_Problem description_
Extract the text of each entry below exactly, leaving every image behind.

_Material provided_
════════════════════

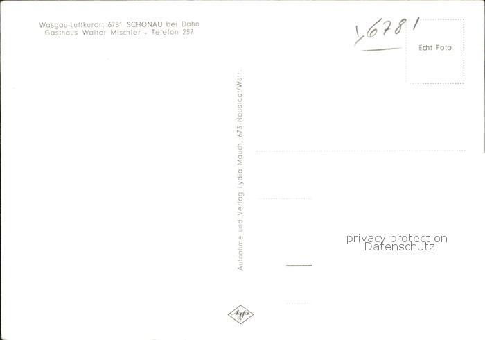 41792636 Schoenau Pfalz Wasgau Gasthaus Walter Mischter Ortsansicht postalisch nicht gelaufen Erhaltung siehe scans KatCode: 11110007340045
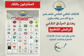 وقّع عشرات الاتحادات العمالية والنقابات المهنية، ممثلين عن ملايين العمال والنقابيين في العالم، على "الميثاق النقابي الرافض للتطبيع"، بحضور أمين منبر الأقصى الشيخ عكرمة صبري، ضمن حملة توقيع ...
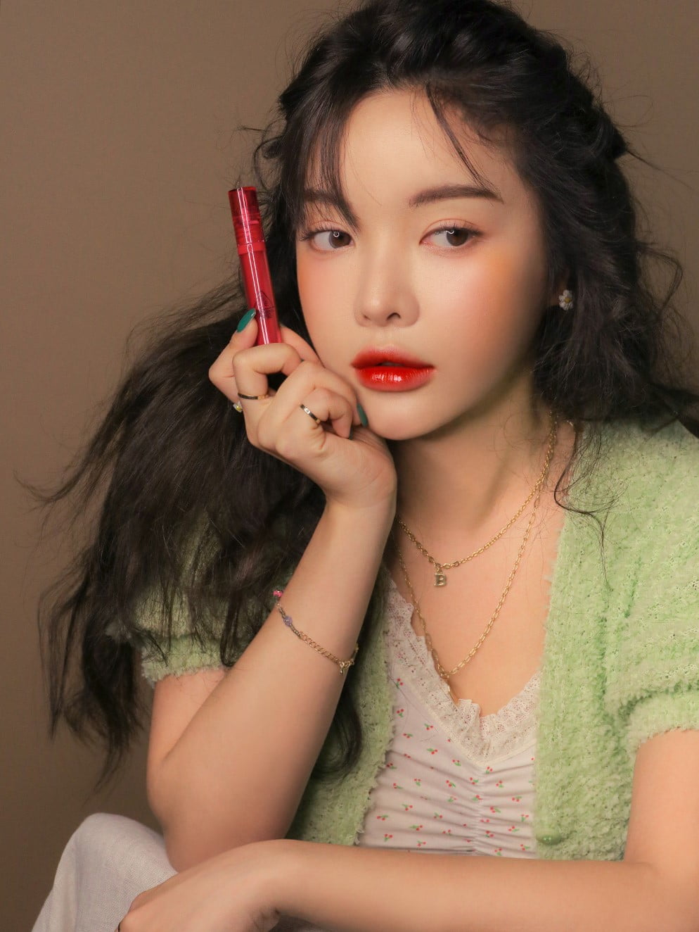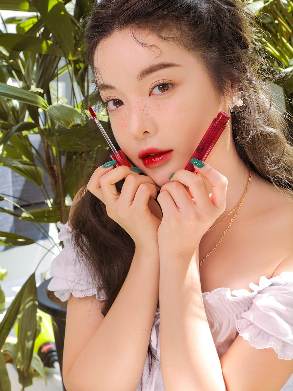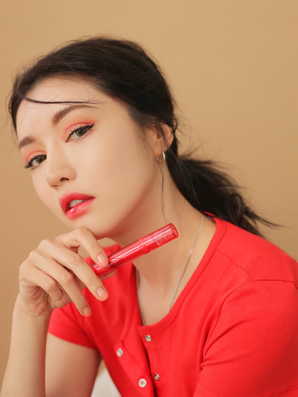 肌をひと際明るく見せてくれるレッドピンクカラー🍓
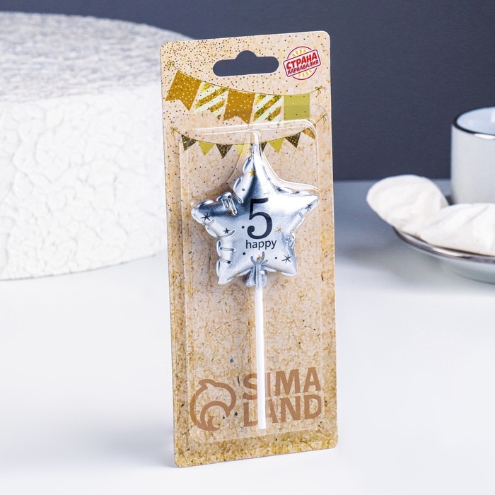 Свеча в торт на шпажке "Воздушный шарик.Звезда", цифра 5, 5,5 см, серебряная
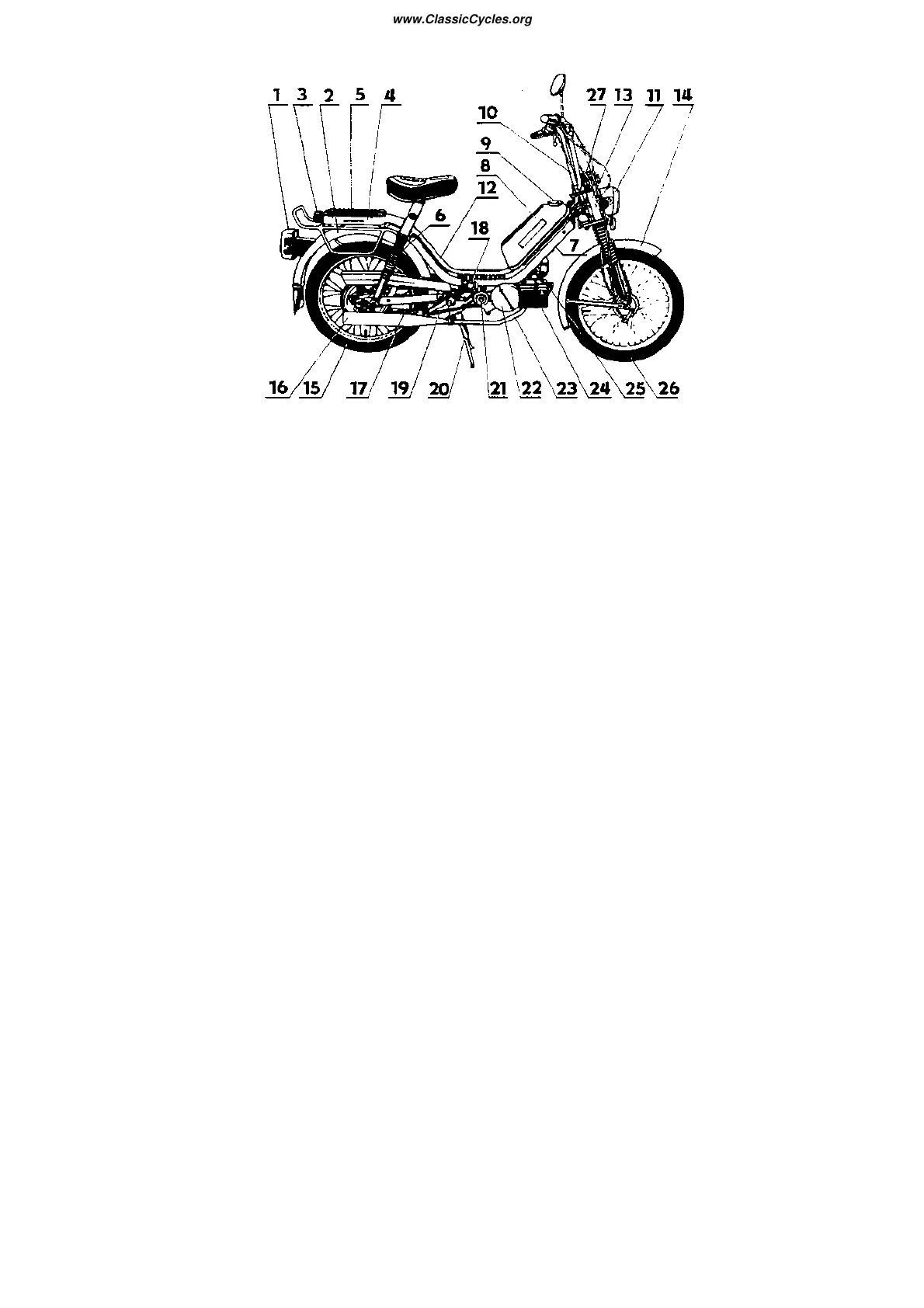 22. Alternator (under cover), 23. Exhaust pipe, 24. Engine, 25. Spark plug with cable shoe, 26. Front wheel,
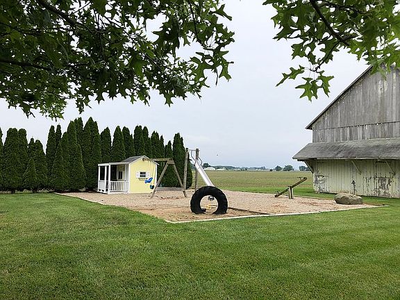Beautiful Peaceful Country setting with wrap around porch 40x32 detached 4 vehicle garage and large out building. Kids playground and small shed for storage. Inside is updated in most rooms with stained wood trim and tile/ laminated hardwood floors if you like country living this could be the place for you! New roof in 2020. Fenced in back yard.
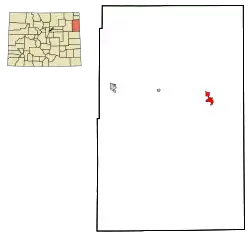 The Jones-Miller site is located in Yuma County, Colorado, 10 miles from the town of Laird in the Republican River basin.[3] The grassland site is located at a 18 inches (46 cm) deep draw that drains into an Arikaree River tributary.[4]
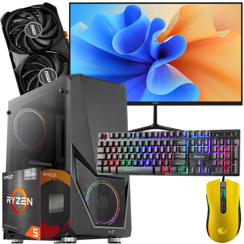 Écran Gaming AIWA MD2403 24" VA Full HD 165Hz - Boitier Zauron FRGB-G-BK-v2 - Processeur AMD Ryzen 5 5600G, up to 4.4 GHz, 19 Mo de mémoire cache - RAM 16 Go (2x 8 Go) Patriot Viper Steel DIMM DDR4 CL20 3600MHz RGB - Disque SSD 512 Go 2.5" SATA III - Carte Graphique MSI GeForce RTX 4060 VENTUS 2X BLACK, 8 Go de mémoire GDDR6 dédiée - Carte Mère Asus PRIME A520M-K - Boite d'alimentation MSI MAG A500DN / 500W ATX / 80 PLUS Standard - Souris Gaming Pro Rampage SMX-R44 RGB Jaune - Clavier Gaming Xtrike Me KB-280 / RGB / Noir - Tapis de souris Gamer Macro PubG / 700 x 300 mm - - Garantie 1 an
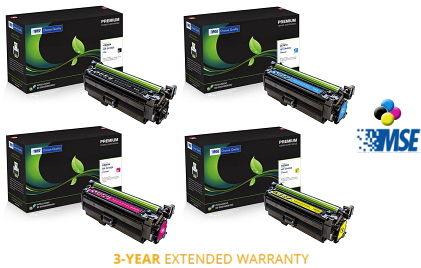 These MSE Premium remanufactured toner cartridges (Alternative for HP CE260A/ CE261A/ CE262A/ CE263A, 647A/ 648A) will not void your machine's warranty and are backed by a 100% quality and satisfaction guarantee for three full years. Click here for details.
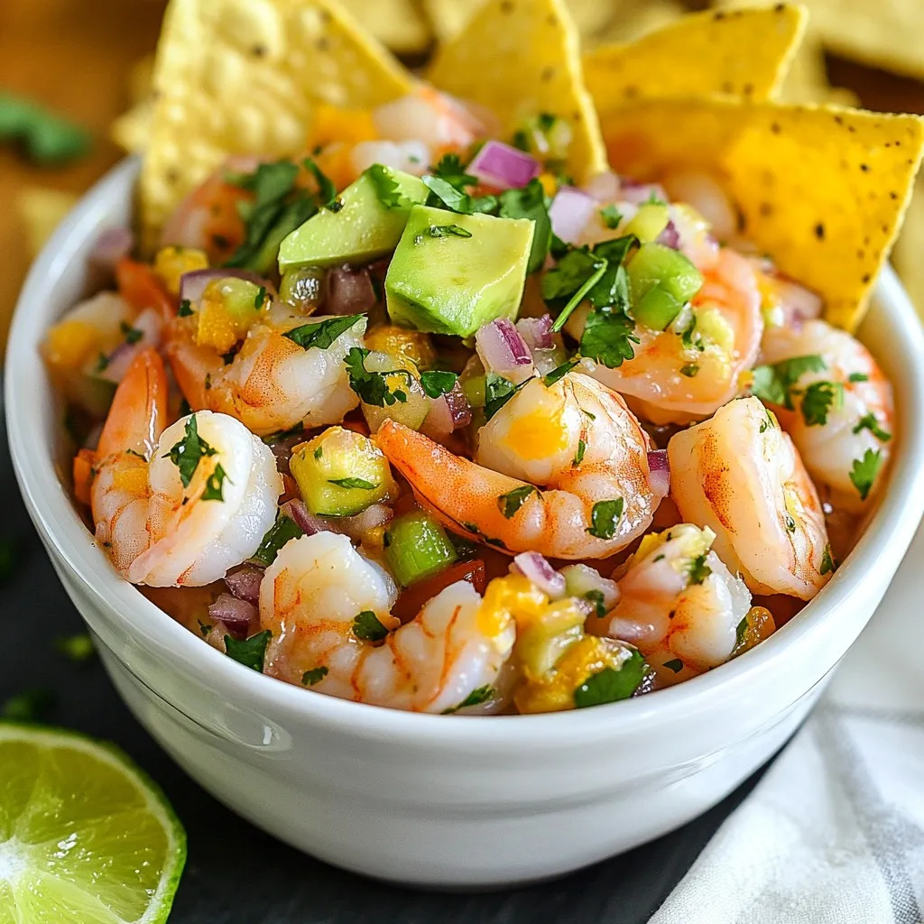 A refreshing shrimp ceviche made with fresh citrus juices and vibrant ingredients.
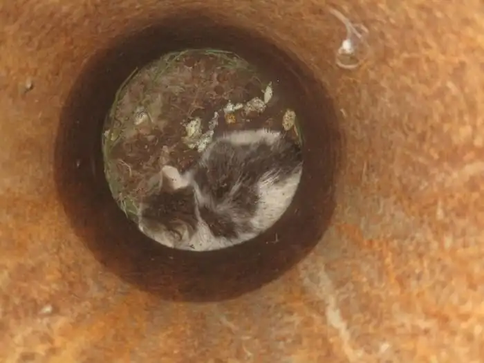 Мяуканье услышали еще 5 июня, но не могли обнаружить, откуда идет звук. Как оказалось, котенок находился в трубе диаметром 20 см под опорой. Вытащить его пытались местные жители и зоозащитники, которые опускали в яму толстую веревку, чтобы он вылез по ней обратно, опускали корзину с едой, надеясь, что котенок залезет внутрь, вслепую орудовали сачком. После того как все попытки оказались безуспешными, позвонили в управление дорожных работ и объяснили ситуацию. Там решили помочь и направили на место рабочих и автокран. Опору демонтировали и достали животное. Его показали матери, после чего отвезли на осмотр к ветеринару, сейчас котенку ищут новых хозяев.
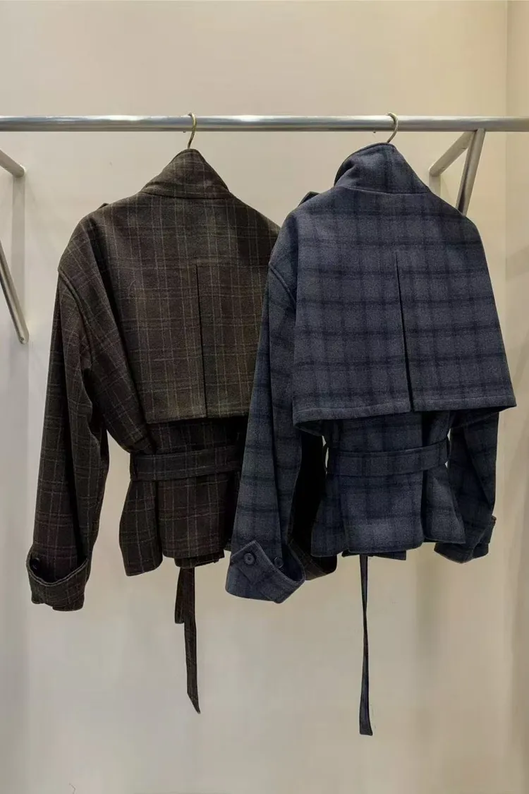 EM01格紋風衣感外套(可SET)
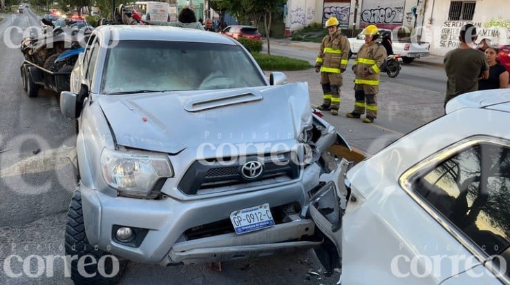León, Gto.- Un accidente vial entre una motocicleta y un peatón dejó como saldo tres personas lesionadas en la colonia Brisas del Campestre.

════════════════════

_Output of the task_
 41792636 Schoenau Pfalz Wasgau Gasthaus Walter Mischter Ortsansicht postalisch nicht gelaufen Erhaltung siehe scans KatCode: 11110007340045
 وقّع عشرات الاتحادات العمالية والنقابات المهنية، ممثلين عن ملايين العمال والنقابيين في العالم، على "الميثاق النقابي الرافض للتطبيع"، بحضور أمين منبر الأقصى الشيخ عكرمة صبري، ضمن حملة توقيع ...
 肌をひと際明るく見せてくれるレッドピンクカラー🍓
 Свеча в торт на шпажке "Воздушный шарик.Звезда", цифра 5, 5,5 см, серебряная
 22. Alternator (under cover), 23. Exhaust pipe, 24. Engine, 25. Spark plug with cable shoe, 26. Front wheel,
Beautiful Peaceful Country setting with wrap around porch 40x32 detached 4 vehicle garage and large out building. Kids playground and small shed for storage. Inside is updated in most rooms with stained wood trim and tile/ laminated hardwood floors if you like country living this could be the place for you! New roof in 2020. Fenced in back yard.
 The Jones-Miller site is located in Yuma County, Colorado, 10 miles from the town of Laird in the Republican River basin.[3] The grassland site is located at a 18 inches (46 cm) deep draw that drains into an Arikaree River tributary.[4]
 Écran Gaming AIWA MD2403 24" VA Full HD 165Hz - Boitier Zauron FRGB-G-BK-v2 - Processeur AMD Ryzen 5 5600G, up to 4.4 GHz, 19 Mo de mémoire cache - RAM 16 Go (2x 8 Go) Patriot Viper Steel DIMM DDR4 CL20 3600MHz RGB - Disque SSD 512 Go 2.5" SATA III - Carte Graphique MSI GeForce RTX 4060 VENTUS 2X BLACK, 8 Go de mémoire GDDR6 dédiée - Carte Mère Asus PRIME A520M-K - Boite d'alimentation MSI MAG A500DN / 500W ATX / 80 PLUS Standard - Souris Gaming Pro Rampage SMX-R44 RGB Jaune - Clavier Gaming Xtrike Me KB-280 / RGB / Noir - Tapis de souris Gamer Macro PubG / 700 x 300 mm - - Garantie 1 an
 These MSE Premium remanufactured toner cartridges (Alternative for HP CE260A/ CE261A/ CE262A/ CE263A, 647A/ 648A) will not void your machine's warranty and are backed by a 100% quality and satisfaction guarantee for three full years. Click here for details.
 A refreshing shrimp ceviche made with fresh citrus juices and vibrant ingredients.
 Мяуканье услышали еще 5 июня, но не могли обнаружить, откуда идет звук. Как оказалось, котенок находился в трубе диаметром 20 см под опорой. Вытащить его пытались местные жители и зоозащитники, которые опускали в яму толстую веревку, чтобы он вылез по ней обратно, опускали корзину с едой, надеясь, что котенок залезет внутрь, вслепую орудовали сачком. После того как все попытки оказались безуспешными, позвонили в управление дорожных работ и объяснили ситуацию. Там решили помочь и направили на место рабочих и автокран. Опору демонтировали и достали животное. Его показали матери, после чего отвезли на осмотр к ветеринару, сейчас котенку ищут новых хозяев.
 EM01格紋風衣感外套(可SET)
León, Gto.- Un accidente vial entre una motocicleta y un peatón dejó como saldo tres personas lesionadas en la colonia Brisas del Campestre.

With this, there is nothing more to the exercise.